------ DATA EXTRACTS
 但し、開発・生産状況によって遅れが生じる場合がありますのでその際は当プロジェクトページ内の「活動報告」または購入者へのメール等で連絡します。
------------
------ DATA EXTRACTS
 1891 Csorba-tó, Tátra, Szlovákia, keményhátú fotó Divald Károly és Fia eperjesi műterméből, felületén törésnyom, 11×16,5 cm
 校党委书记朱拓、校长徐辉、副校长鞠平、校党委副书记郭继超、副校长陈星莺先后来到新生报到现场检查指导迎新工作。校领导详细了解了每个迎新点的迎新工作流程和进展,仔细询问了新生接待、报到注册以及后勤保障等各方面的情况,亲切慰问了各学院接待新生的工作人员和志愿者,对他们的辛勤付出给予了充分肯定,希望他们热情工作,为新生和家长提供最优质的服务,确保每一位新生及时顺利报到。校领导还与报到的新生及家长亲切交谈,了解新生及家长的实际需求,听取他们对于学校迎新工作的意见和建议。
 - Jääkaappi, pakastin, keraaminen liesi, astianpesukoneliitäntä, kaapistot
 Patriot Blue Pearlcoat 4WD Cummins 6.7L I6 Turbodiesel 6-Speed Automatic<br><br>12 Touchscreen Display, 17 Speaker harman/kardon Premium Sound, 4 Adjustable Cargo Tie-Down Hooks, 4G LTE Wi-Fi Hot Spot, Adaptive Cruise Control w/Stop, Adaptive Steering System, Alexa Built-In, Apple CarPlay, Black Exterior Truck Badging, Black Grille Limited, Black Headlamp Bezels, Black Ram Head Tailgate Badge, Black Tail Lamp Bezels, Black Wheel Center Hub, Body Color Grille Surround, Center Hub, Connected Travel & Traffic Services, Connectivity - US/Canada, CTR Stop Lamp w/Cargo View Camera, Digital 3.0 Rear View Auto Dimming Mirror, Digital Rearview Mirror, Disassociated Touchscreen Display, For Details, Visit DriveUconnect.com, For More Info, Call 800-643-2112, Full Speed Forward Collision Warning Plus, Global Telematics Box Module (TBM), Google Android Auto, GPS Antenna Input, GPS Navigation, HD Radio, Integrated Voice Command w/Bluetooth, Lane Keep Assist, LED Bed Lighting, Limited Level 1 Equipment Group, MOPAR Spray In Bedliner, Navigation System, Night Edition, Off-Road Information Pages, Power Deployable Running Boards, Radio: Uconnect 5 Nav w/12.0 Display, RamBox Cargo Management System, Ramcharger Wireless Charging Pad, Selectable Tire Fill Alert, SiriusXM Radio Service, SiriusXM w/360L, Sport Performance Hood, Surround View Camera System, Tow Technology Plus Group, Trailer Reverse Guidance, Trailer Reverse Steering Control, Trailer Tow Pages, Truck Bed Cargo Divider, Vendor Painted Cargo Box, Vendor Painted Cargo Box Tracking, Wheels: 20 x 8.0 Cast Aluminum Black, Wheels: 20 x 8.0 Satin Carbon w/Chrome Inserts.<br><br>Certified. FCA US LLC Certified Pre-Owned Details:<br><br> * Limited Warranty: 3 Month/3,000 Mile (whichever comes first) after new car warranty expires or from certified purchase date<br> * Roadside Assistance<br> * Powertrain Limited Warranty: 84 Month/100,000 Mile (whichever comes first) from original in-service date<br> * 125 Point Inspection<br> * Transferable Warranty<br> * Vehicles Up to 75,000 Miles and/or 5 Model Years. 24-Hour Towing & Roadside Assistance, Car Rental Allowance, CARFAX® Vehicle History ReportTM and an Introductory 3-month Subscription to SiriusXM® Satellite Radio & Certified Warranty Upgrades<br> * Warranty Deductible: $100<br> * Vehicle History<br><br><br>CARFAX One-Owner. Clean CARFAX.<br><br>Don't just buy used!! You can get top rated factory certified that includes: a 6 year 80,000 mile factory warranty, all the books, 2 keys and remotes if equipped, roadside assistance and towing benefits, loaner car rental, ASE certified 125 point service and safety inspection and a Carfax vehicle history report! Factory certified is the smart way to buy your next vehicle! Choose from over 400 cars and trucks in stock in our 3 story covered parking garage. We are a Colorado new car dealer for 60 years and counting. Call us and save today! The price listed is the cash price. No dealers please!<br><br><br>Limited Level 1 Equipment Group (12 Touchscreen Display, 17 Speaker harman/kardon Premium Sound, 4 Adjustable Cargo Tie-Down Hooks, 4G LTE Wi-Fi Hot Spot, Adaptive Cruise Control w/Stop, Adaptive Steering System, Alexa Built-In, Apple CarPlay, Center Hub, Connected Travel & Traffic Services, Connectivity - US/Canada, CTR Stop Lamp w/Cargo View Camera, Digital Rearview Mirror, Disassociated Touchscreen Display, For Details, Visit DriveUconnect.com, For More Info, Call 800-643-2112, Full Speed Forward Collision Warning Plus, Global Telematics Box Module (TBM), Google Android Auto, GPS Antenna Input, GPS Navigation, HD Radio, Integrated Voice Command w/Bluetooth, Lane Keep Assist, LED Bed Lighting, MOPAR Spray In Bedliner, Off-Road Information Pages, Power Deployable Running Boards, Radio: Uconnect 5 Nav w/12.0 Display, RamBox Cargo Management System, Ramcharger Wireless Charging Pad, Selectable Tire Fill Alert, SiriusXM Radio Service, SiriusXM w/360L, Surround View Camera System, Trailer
------------
------ DATA EXTRACTS
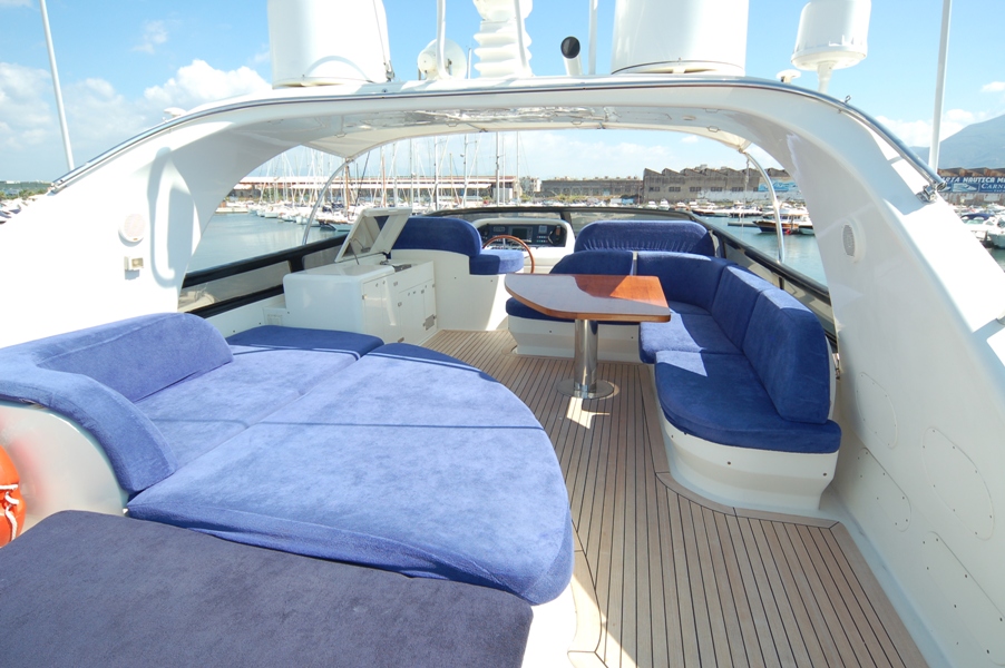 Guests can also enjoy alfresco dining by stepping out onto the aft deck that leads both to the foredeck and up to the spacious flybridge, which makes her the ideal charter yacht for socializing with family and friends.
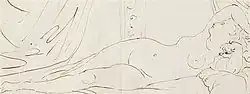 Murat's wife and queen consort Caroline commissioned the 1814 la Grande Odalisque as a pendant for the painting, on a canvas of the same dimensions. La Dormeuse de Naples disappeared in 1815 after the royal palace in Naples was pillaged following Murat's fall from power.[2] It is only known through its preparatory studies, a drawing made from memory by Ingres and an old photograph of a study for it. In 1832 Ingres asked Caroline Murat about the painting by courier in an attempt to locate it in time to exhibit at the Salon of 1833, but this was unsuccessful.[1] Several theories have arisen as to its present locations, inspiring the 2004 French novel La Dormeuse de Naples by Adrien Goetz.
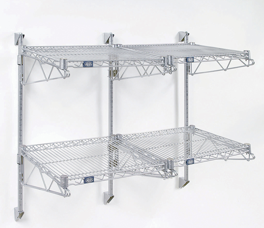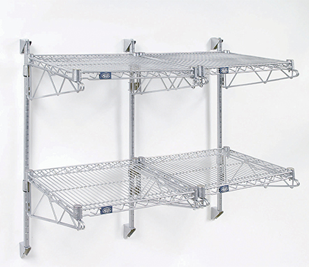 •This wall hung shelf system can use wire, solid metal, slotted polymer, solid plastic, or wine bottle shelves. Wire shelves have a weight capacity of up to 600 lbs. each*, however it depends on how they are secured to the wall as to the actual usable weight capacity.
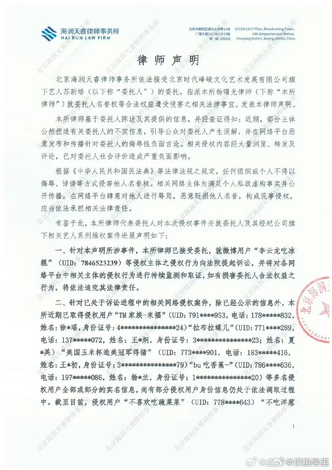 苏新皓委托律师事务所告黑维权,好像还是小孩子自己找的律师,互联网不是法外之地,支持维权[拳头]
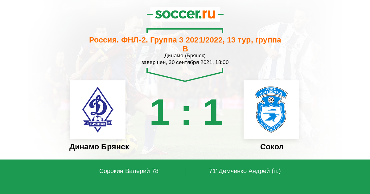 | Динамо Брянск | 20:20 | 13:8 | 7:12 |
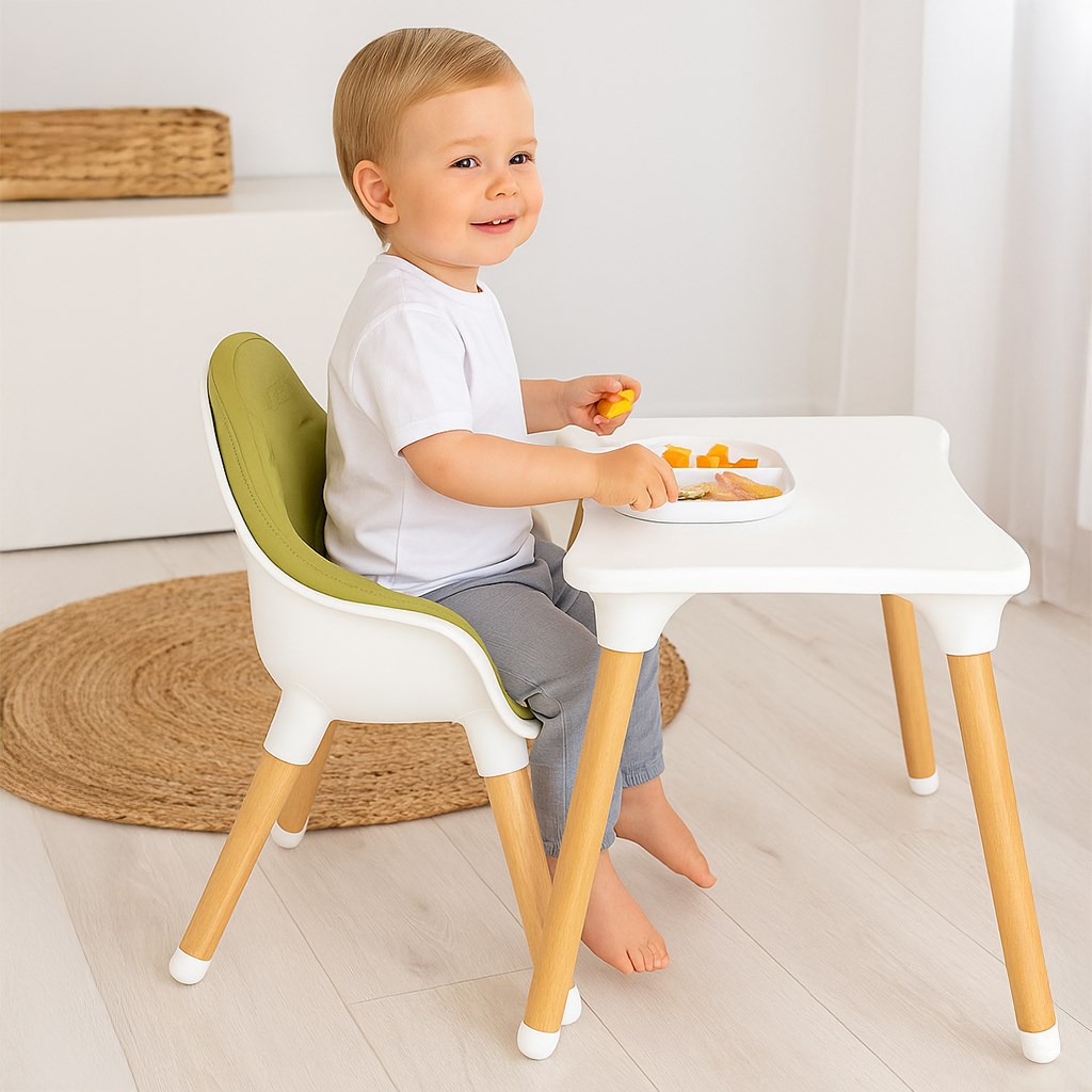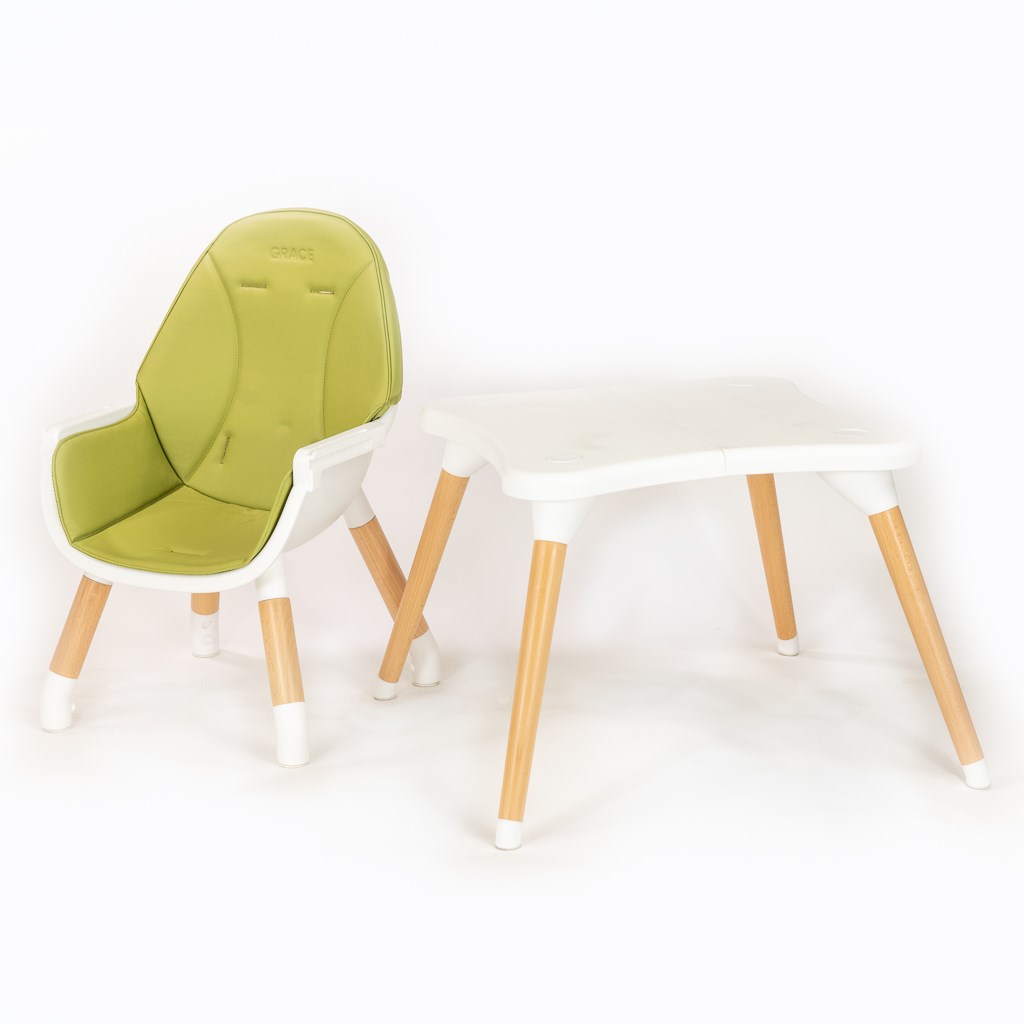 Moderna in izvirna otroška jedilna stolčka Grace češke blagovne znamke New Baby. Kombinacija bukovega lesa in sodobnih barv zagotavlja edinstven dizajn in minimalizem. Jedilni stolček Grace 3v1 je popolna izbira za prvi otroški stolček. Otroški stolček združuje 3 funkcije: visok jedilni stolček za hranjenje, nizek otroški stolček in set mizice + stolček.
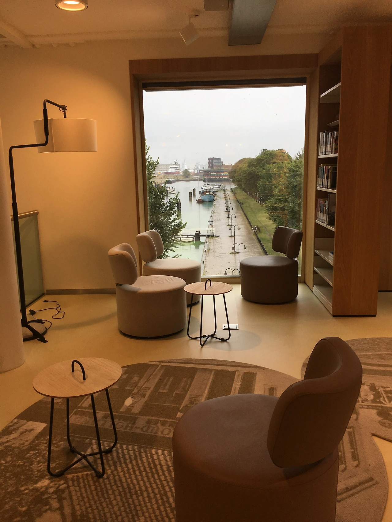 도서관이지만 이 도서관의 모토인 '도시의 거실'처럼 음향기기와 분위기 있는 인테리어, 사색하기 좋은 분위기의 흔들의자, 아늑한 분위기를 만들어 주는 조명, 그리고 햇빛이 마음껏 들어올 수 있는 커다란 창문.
------------
Drop the pictures; return the lines above from the line containing "usable weight capacity." to the line containing "13:8 | 7:12 |", both included, exactly.

 •This wall hung shelf system can use wire, solid metal, slotted polymer, solid plastic, or wine bottle shelves. Wire shelves have a weight capacity of up to 600 lbs. each*, however it depends on how they are secured to the wall as to the actual usable weight capacity.
 苏新皓委托律师事务所告黑维权,好像还是小孩子自己找的律师,互联网不是法外之地,支持维权[拳头]
 | Динамо Брянск | 20:20 | 13:8 | 7:12 |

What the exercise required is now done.